Should I drop or keep catch-all results before sending?

Last updated May 19, 2026Best practices

A catch_all result means the receiving domain accepts mail for every address it is offered, valid or not. Valid Email Checker cannot prove a specific catch-all address is real without sending a test message (which we will not do, since it would be a deliverability risk in itself). The decision to keep or drop comes down to who the audience is and what the cost of a bad bounce looks like for the campaign.

Keep catch-all when...

  • You're sending to a warm B2B audience where the recipient gave you their work address in person, at a conference, or through a paid platform. The catch-all is almost certainly a legitimate corporate mailbox, and dropping it removes real recipients.
  • The domain is one you trust from past experience. Some Fortune 500 companies and most consulting firms run catch-all SMTP. Sending to verified-employee addresses at those domains is normal.
  • The campaign is a transactional or follow-up message to someone who explicitly requested it (order confirmation, demo follow-up). Bounce rate on these is moot since you would be sending anyway.

Drop catch-all when...

  • You're running cold outreach to a purchased or scraped list. Catch-all bounce rates can hit 30 to 50% on cold lists because the address might be a guess that no real human reads.
  • Sender reputation is already shaky. If your domain is rebuilding deliverability after a previous bounce-rate incident, every percentage point of bounce matters.
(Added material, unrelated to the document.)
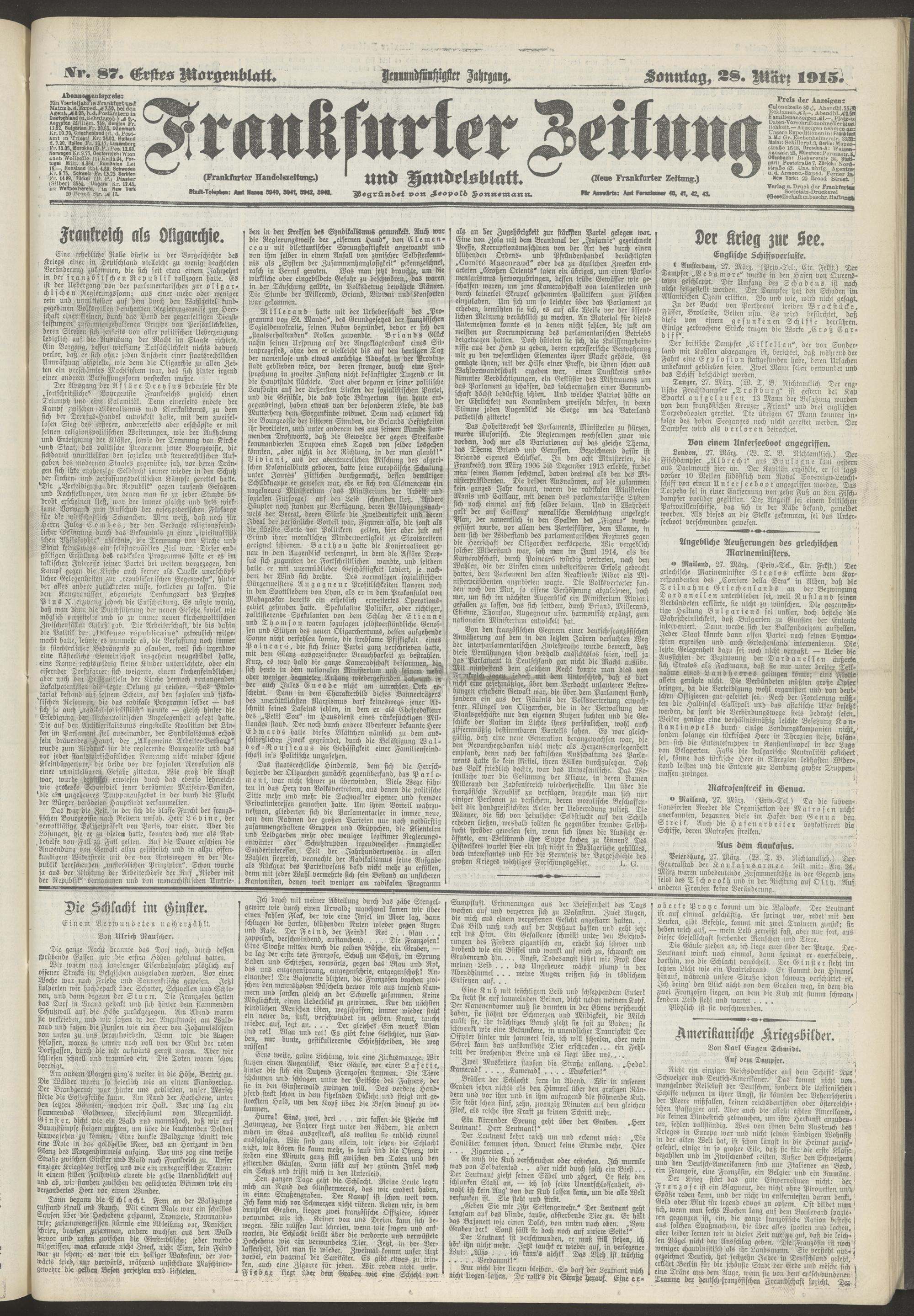 28.03.1915 = Nr. 87. Erstes Morgenblatt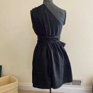 One shoulder wrap style that ties around the waist to adjust the fit.

Drop catch-all for the recovery period.
  • You're sending a B2C consumer marketing campaign. Most consumer mail providers (Gmail, Yahoo, Outlook.com) are not catch-all. A catch-all in a B2C list is unusual and probably worth investigating before sending.

The compromise: isolate catch-all in a separate send

A common pattern is to put catch-all addresses in their own segment and send to them on a separate schedule with tight monitoring. If bounce rate on that segment goes over your threshold, suppress automatically. Most ESPs let you trigger suppression rules per-segment, and this keeps the safe segment from inheriting any deliverability damage if the catch-all batch goes badly.

Expected bounce-rate numbers

From the data we see across customers running Valid Email Checker pre-campaign:

AudienceCatch-all bounce rate
Warm B2B (your own form signups)5 to 10%
Lukewarm B2B (downloaded list members)10 to 20%
Cold B2B (purchased lists)25 to 50%
Consumer (any source)Highly variable, treat with caution

For the deep mechanics on how the engine detects catch-all in the first place, read how does VEC detect catch-all domains in real-time and the long-form catch-all emails complete guide.

Spamtraps hide in catch-all
Some spam-trap operators run catch-all domains intentionally — every address resolves and looks deliverable. The only protection is to not send blind to catch-all domains you do not know. Drop, or warm up the recipient through some other channel first.